Write on Kamis, 20 Jun 2019 by: fikri

Penggunaan pestisida kimia memang dapat menyelamatkan pertanaman padi dari kegagalan panen, akan tetapi penggunaan secara terus menerus dalam jumlah yang tinggi  serta tidak sesuai aturan dapat merugikan alam dan manusia sendiri.  Pemakaian secara tidak bertanggungjawab dapat mengganggu keseimbangan ekologi karena terbasminya musuh alami serta menjadi residu pada padi yang dihasilkan.  
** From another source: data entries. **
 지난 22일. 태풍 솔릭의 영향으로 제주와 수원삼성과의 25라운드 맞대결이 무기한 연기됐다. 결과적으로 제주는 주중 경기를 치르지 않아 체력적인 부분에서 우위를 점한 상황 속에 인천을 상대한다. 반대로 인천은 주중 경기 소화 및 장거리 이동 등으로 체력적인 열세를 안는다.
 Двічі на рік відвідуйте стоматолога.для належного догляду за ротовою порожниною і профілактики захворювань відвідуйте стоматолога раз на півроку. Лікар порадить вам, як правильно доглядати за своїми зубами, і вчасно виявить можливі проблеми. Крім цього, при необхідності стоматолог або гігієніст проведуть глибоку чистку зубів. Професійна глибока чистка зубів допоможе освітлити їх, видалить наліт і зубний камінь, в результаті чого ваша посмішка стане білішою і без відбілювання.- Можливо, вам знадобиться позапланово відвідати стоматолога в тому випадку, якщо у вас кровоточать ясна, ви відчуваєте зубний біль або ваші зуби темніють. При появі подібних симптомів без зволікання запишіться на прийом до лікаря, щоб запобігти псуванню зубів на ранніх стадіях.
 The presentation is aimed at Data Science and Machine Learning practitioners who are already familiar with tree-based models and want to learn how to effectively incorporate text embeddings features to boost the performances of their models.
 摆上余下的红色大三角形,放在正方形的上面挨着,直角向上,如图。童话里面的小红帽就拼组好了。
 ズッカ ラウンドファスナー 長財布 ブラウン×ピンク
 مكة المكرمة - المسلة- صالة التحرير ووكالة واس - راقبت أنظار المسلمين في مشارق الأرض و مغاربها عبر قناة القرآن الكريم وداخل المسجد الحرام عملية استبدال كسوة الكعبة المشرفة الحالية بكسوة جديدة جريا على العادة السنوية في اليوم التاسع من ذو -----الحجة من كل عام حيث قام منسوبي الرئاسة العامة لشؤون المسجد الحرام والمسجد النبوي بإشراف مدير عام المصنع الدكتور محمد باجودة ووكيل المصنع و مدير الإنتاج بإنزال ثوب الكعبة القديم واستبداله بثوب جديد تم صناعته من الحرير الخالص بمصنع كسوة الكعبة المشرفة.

Perlu upaya menekan dampak kerugian melalui budidaya tanaman padi yang bebas residu untuk menciptakan masyarakat yang sehat dan berkualitas.  Beras yang dikonsumsi harus beras sehat bebas residu  bahan kimia,  khususnya  residu  pestisida  yang  dapat membahayakan kesehatan manusia. Pestisida kimia perlu diganti dengan teknologi pengendalian alternatif, yang lebih banyak memanfaatkan bahan dan metode hayati, termasuk musuh alami, pestisida hayati dan feromon. Dengan cara ini, dampak negatif penggunaan pestisida terhadap kesehatan dan lingkungan dapat dikurangi.      
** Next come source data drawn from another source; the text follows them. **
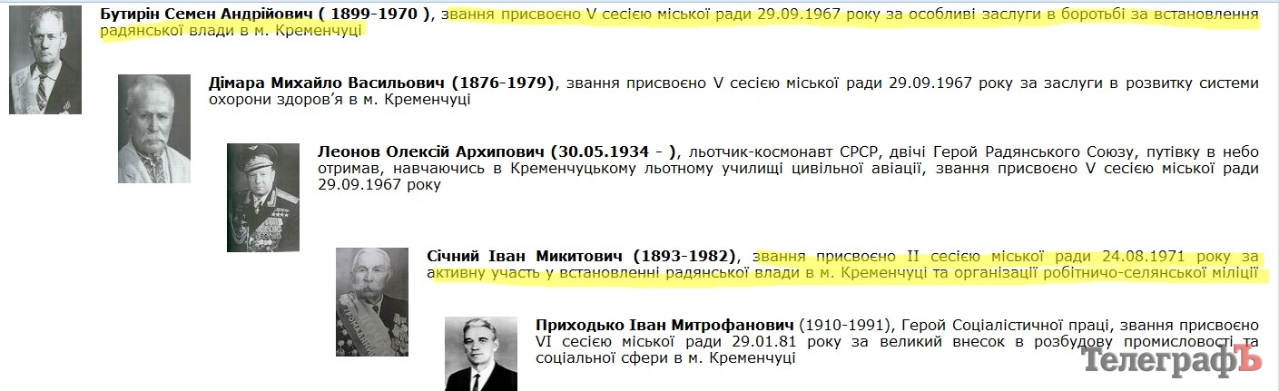 Наразі ж офіційний сайт Кременчуцької міської ради популяризує імена компартійних діячів - Почесних громадян, що суперечить закону про декомунізацію.
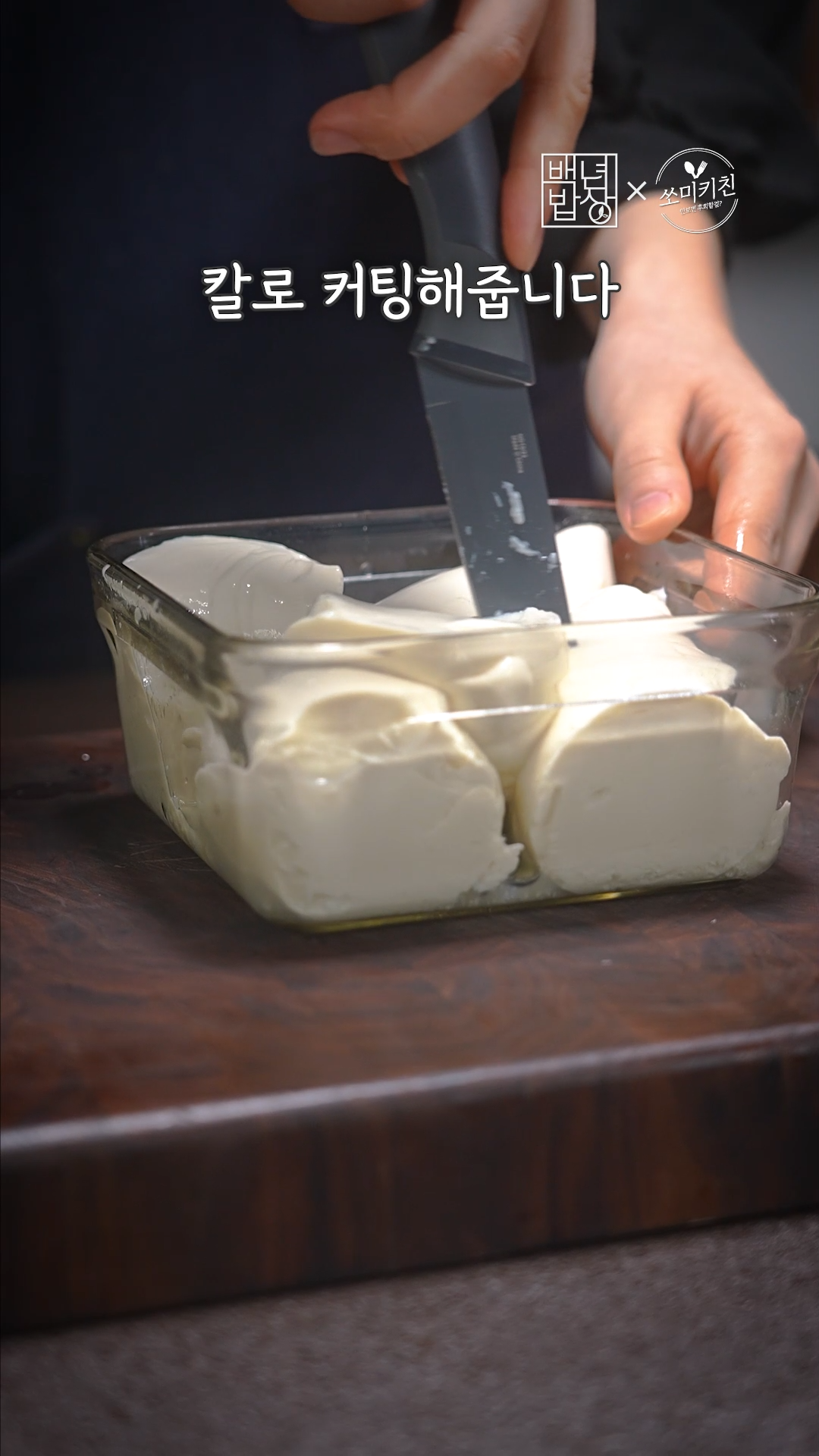 1. 락앤락에 순두부를 반갈라 넣어주고 칼로 컷팅해줄게요.
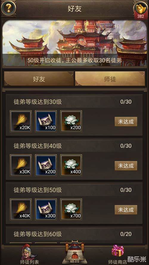 当主公等级达到50级后,便可在《正统三国》好友系统师徒板块中进行收徒,最多可收取30名徒弟,当徒弟达到指定等级,便可领取相应奖励,如主公经验、友谊积分、洗髓丹、良将令、神将令等。而如若主公等级未达50级,则可选择50级以上的同国主公进行拜师,拜师成功后即可获得新手礼包,并且好比忠臣不事二主,主公也只可拜一位主公为师。
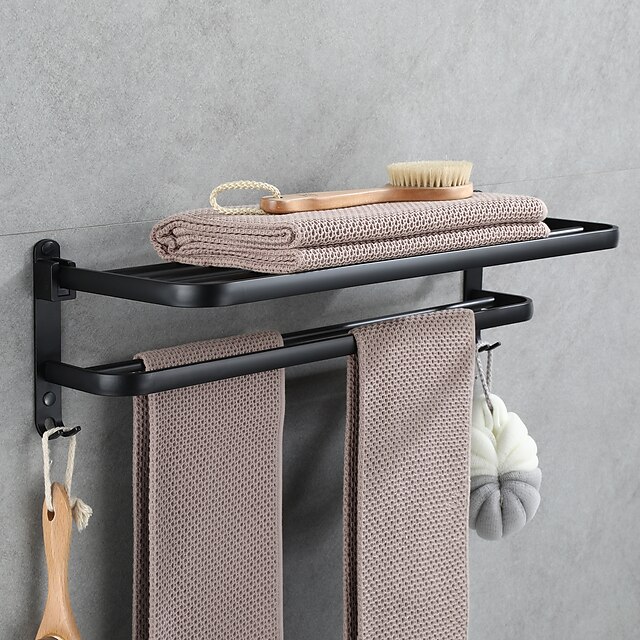 Aluminum Towel Rack for Bathroom,2-Layer Wall Mounted Towel Bar Towel Holder Bathroom Hardware Storage 5

Budidaya padi bebas residu, dapat berupa budidaya organik ataupun non-organik (konvensional).  Pupuk anorganik bukan merupakan salah satu sumber residu kimia, akan tetapi pestisida kimialah sumber utama residu pada beras yang dihasilkan. Penggunaan pupuk anorganik dalam budidaya padi bebas residu masih dapat digunakan dalam ambang batas tertentu.
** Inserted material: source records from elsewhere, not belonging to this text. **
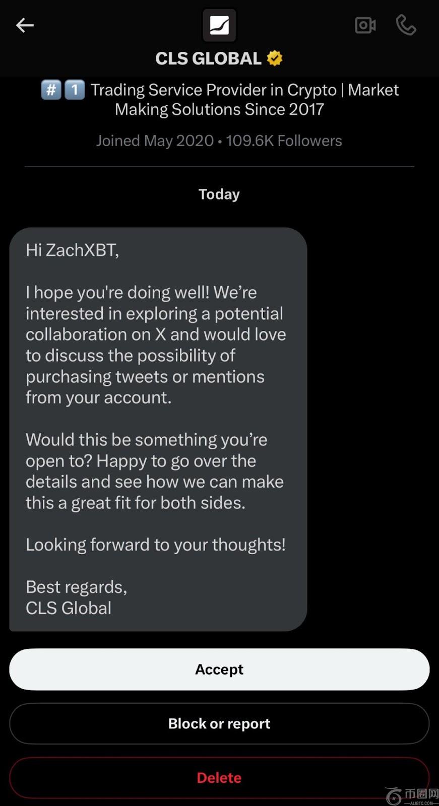 zachxbt,回复今天,该平台今天2月14日的“情人节**日”帖子分享了CLS Global的信息的屏幕截图,要求他“在X上进行潜在的合作”。
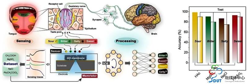 近日,我校数学与统计学院青年教师乔瑜与国家纳米科学中心鄢勇课题组合作在神经形态智能味觉器件方面取得新进展,模拟的人工味觉系统可以实现酸、苦、咸、甜四种基本味型以及咖啡、可乐等复杂风味的准确识别。该研究相关成果以Confinement of ions within graphene oxide membranes enables neuromorphic artificial gustation为题发表在国际顶级期刊《美国国家科学院院刊》,《Nature》杂志以“Sweet or sour? AI-powered device achieves human-like sense of taste”为题对此作了专题报道。
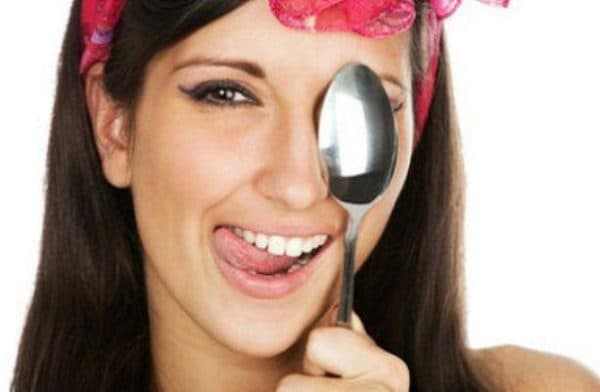 - Достав ложки из миски с холодным отваром, их на несколько секунд прикладывают к отекшим векам: кожу век необходимо охладить лишь слегка, не допуская серьезного переохлаждения. С помощью этого действия можно устранить мешки и отеки, а также улучшить окраску кожных покровов под глазами.
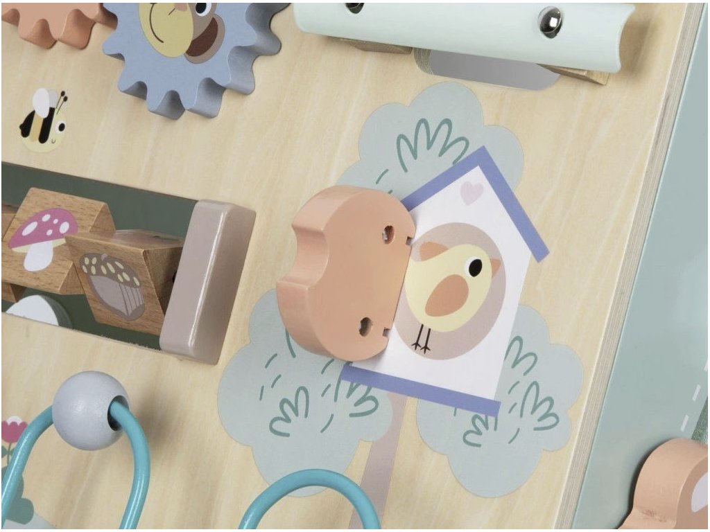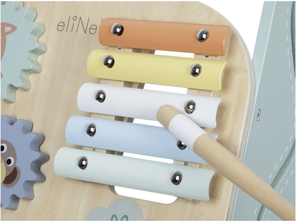 - Zábavné aktivity - vkládačka, dráha pro autíčka s autíčky, korálkové bludiště, 3 barevná ozubená kolečka se zvířátky, otáčecí kostky, otvírací dvířka, barevný xylofon s paličkou.

Penggunaan pupuk organik dapat mengurangi penggunaan pupuk kimia dan membantu mengendalikan serangan organisme pengganggu tanaman (OPT), sebagai contoh mengembalikan jerami ke tanah dapat mengundang capung (sebagai musuh alami wereng). Penggunaan pestisida hayati akan lebih aman bagi manusia dan tidak meninggalkan residu kimia.  Apabila kelompok tani memilih cara budidaya secara organik, sertifikasi organik bukan merupakan tujuan utama dari budidaya padi bebas residu,  tetapi sertifikat padi organik dapat memberikan nilai tambah bila budidaya padi bebas residu secara organik ini dilanjutkan ke proses sertifikasi.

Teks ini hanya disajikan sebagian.